Title: Hooked on Hadoop to Read And Write Sequence File Using Map Reduce
Publisher: Guru Nanak Publications
Series: Volume 7 Issue 1
Authors: Ravi Aavula, D. Saidulu, B. Harichandana
To enjoy all the benefits of a hadoop based big data system, the first step would be to get the data into HDFS also known as the ingestion process. Hadoop does not work very well with a lot of small files, i.e., files that are smaller than a typical HDFS Block size as it causes a memory overhead for the NameNode to hold huge amounts of small files. Also, every map task processes a block of data at a time and when a map task has too little data to process, it becomes inefficient. Starting up several such map tasks is an overhead. To solve this problem, Sequence files are used as a container to store the small files.
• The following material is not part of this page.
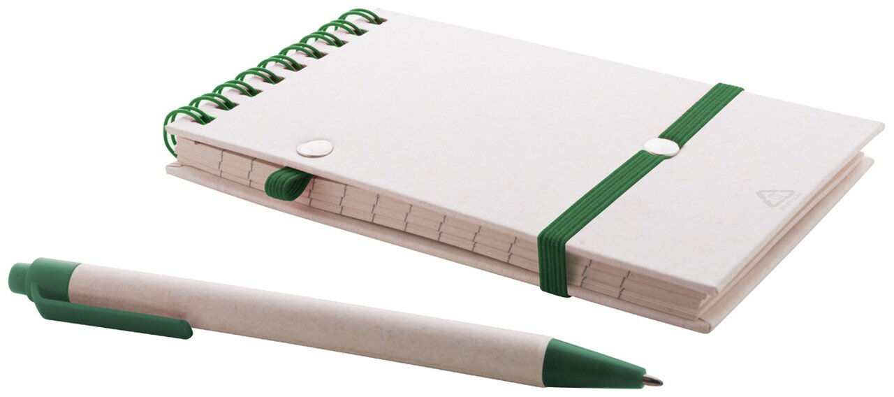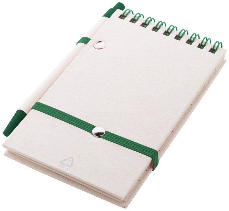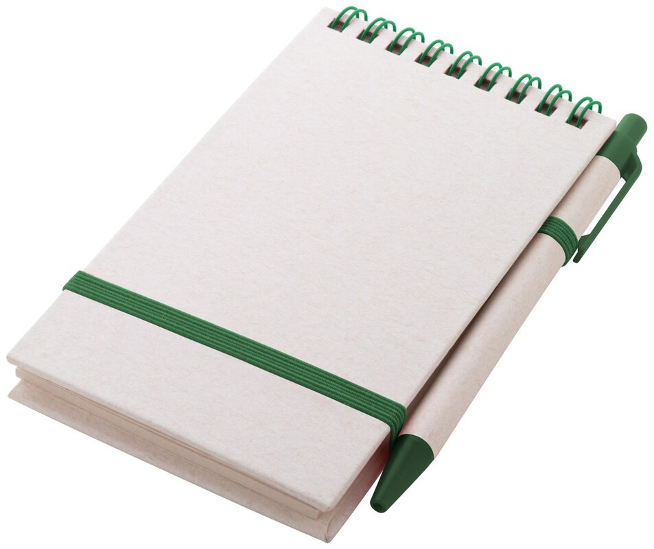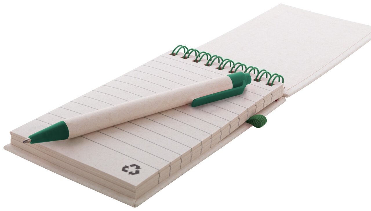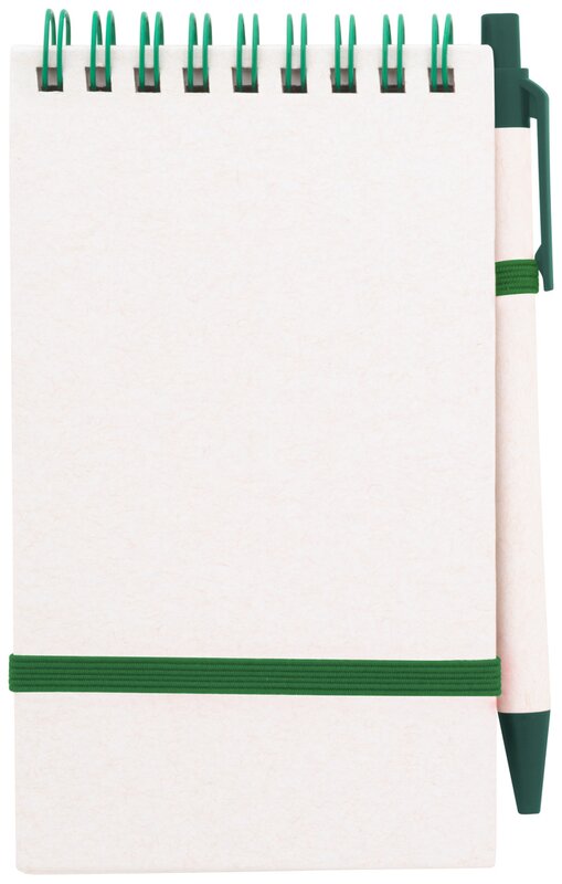 Blok má pevnou spirálovou vazbu v barvě desek, 70 linkovaných listů z recyklovaného papíru a praktickou gumičku pro bezpečné uzavření. Nechybí ani poutko na pero, do kterého perfektně pasuje přiložená ekologická propiska z recyklovaného ABS plastu.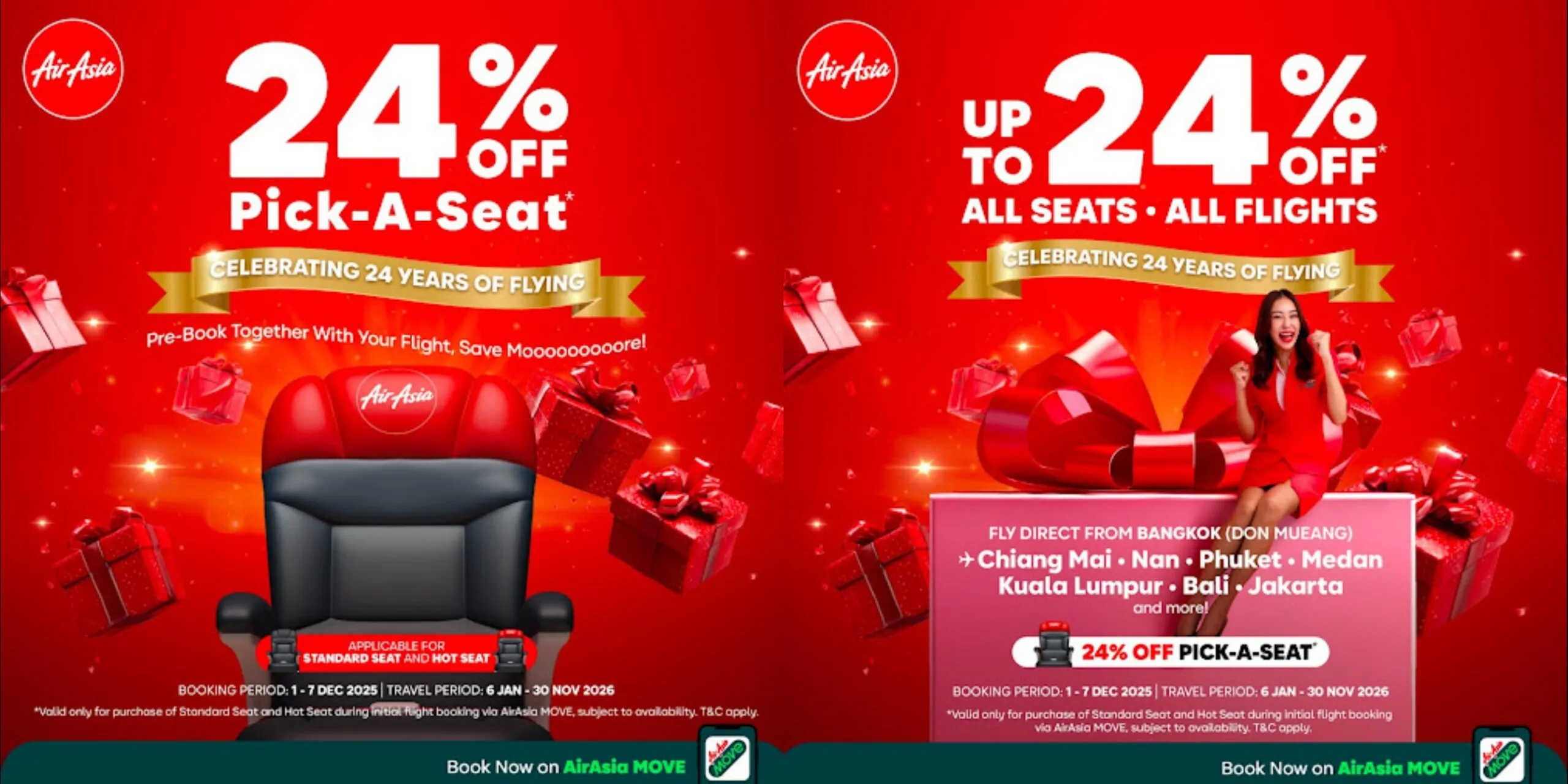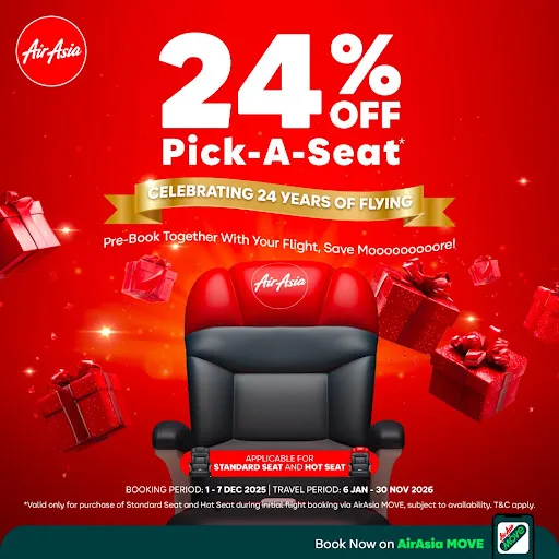 AirAsia is celebrating its birthday by offering a fare discount along with an additional 24% off seat-selection fees for both Standard Seats and Hot Seats if passengers book during their initial flight reservation. This means travelers can enjoy both lower fares and reduced seat selection costs. AirAsia encourages everyone to take advantage of this promotion and book early to secure some of the most affordable fares for travel in 2026.

Sequence files are flat files containing key, value pairs. A very common use case when designing ingestion systems is to use Sequence files as containers and store any file related metadata (filename, path, creation time etc) as the key and the file contents as the value. Sequence files are splittable with each map task processing a split, with one or many key/value pairs. Each call to map() method in the Mapper would retrieve the next key and value in the corresponding split. Even when a sequence file split cuts off in the middle of a record, the sequence file reader will read until a sync marker is reached ensuring that a record is read in whole.
Hadoop, Mapreduce, Sequence files.